# 1. Cleaning and Geocoding

Here, I clean, aggregate, and merge the various dataset extractions from our database at the unique 6-digit postal code level. I also extend our dataset by adding geolocation, specifically:

*  Latitude and longitude per postal code 
*  Neighbourhood in which the postal code resides. 
*  Local Health Area (LHA) in which the postal code resides

*Input files (raw files required to run code):* 

| File Name | Description | Location | 
|----------|:-------------:|:-------------:|
| **MANIFOLD_DOWNLOAD_.csv**|Five manifold files representing five different downloads from polaris | M:\PH-RPM\Elba\Data\Manifold_Downloads\ |
| **M:\PH-RPM\Elba\Data\PBI_Data_8-10-2018.xlsx** |Internal data with 2016,2017 donations among other variables  | M:\PH-RPM\Elba\Data\ |

*Resulting files:*

| File Name | Description | Location | 
|----------|:-------------:|:-------------:|
| **MANIFOLD_BC_ALL.csv**|contains manifold information + internal data by postal code | M:\PH-RPM\\Elba\\Data\\MANIFOLD_BC_ALL.csv |
| **Geocoded_MANIFOLD_BC_ALL_2.csv** |contains all postal codes with their respective lat/long and neighbourhood |  |


In [1]:
import numpy as np
import pandas as pd
from pandas import Series, DataFrame
import sqlalchemy as sql
import zipfile
import urllib as rq
import geopandas as gpd #for geomapping analysis
import requests #making url requests 
from io import BytesIO, StringIO
import re
import utm #for geomapping
import json #for geomapping 

### I. Basic Merging and Cleaning 

In [2]:
#Uploading  Manifold extracts
data1 = pd.read_csv("M:\PH-RPM\Elba\Data\Manifold_Downloads\MANIFOLD_DOWNLOAD_1.csv")
data2 = pd.read_csv("M:\PH-RPM\Elba\Data\Manifold_Downloads\MANIFOLD_DOWNLOAD_2.csv")
data3 = pd.read_csv("M:\PH-RPM\Elba\Data\Manifold_Downloads\MANIFOLD_DOWNLOAD_3.csv")
data4 = pd.read_csv("M:\PH-RPM\Elba\Data\Manifold_Downloads\MANIFOLD_DOWNLOAD_4.csv")
data5 = pd.read_csv("M:\PH-RPM\Elba\Data\Manifold_Downloads\MANIFOLD_DOWNLOAD_5.csv")

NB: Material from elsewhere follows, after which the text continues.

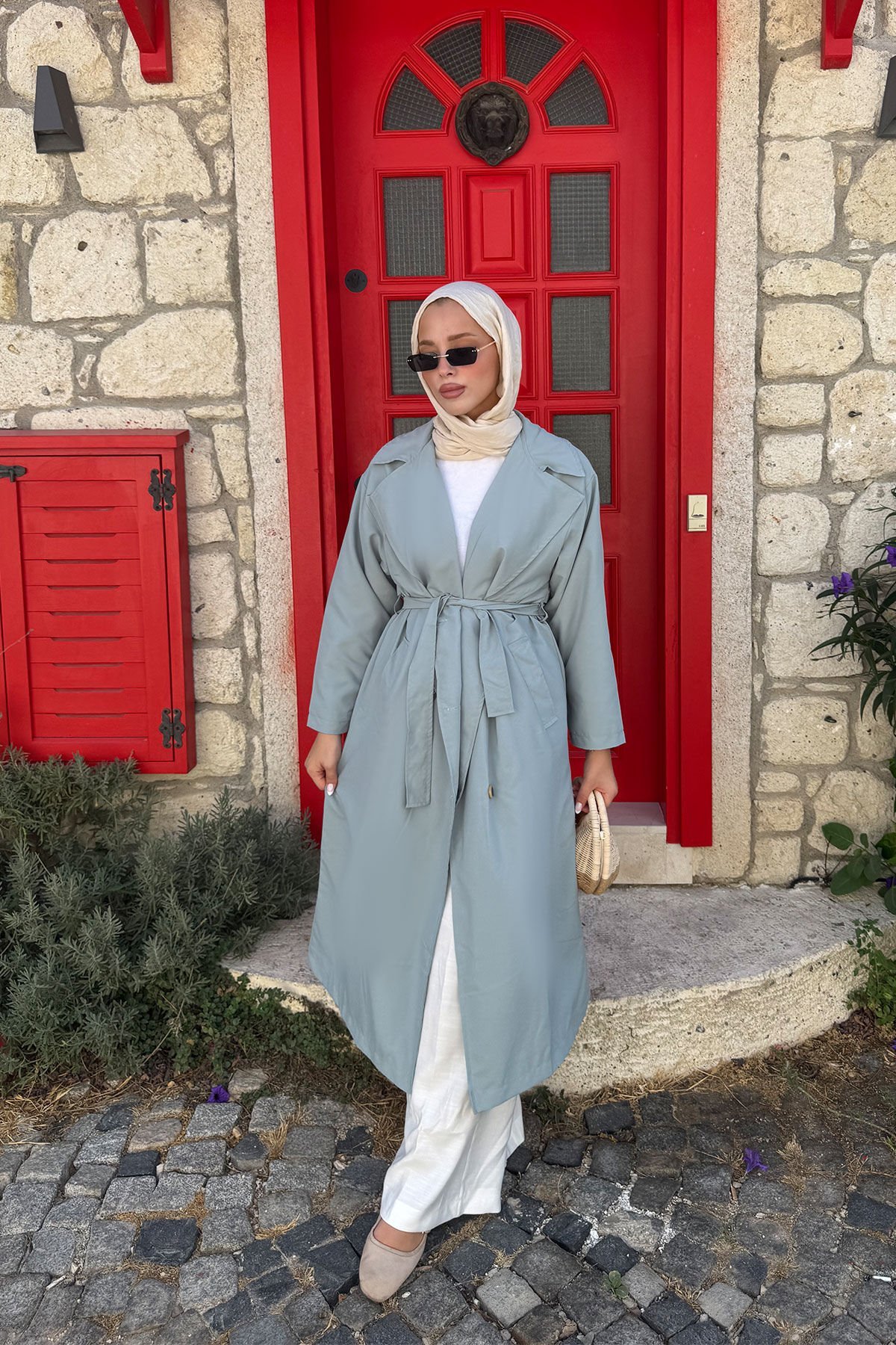 - Oversize kesim,Astarlı, kruvaze yaka, Arka Pelerinli, kemerli trençkot.

#Renaming postal code to match what's on file
data2 = data2.rename(columns={'Postal Code': 'Postal_Code'})
data3 = data3.rename(columns={'Postal Code': 'Postal_Code'})
data4 = data4.rename(columns={'Postal Code': 'Postal_Code'})
data5 = data5.rename(columns={'Postal Code': 'Postal_Code'})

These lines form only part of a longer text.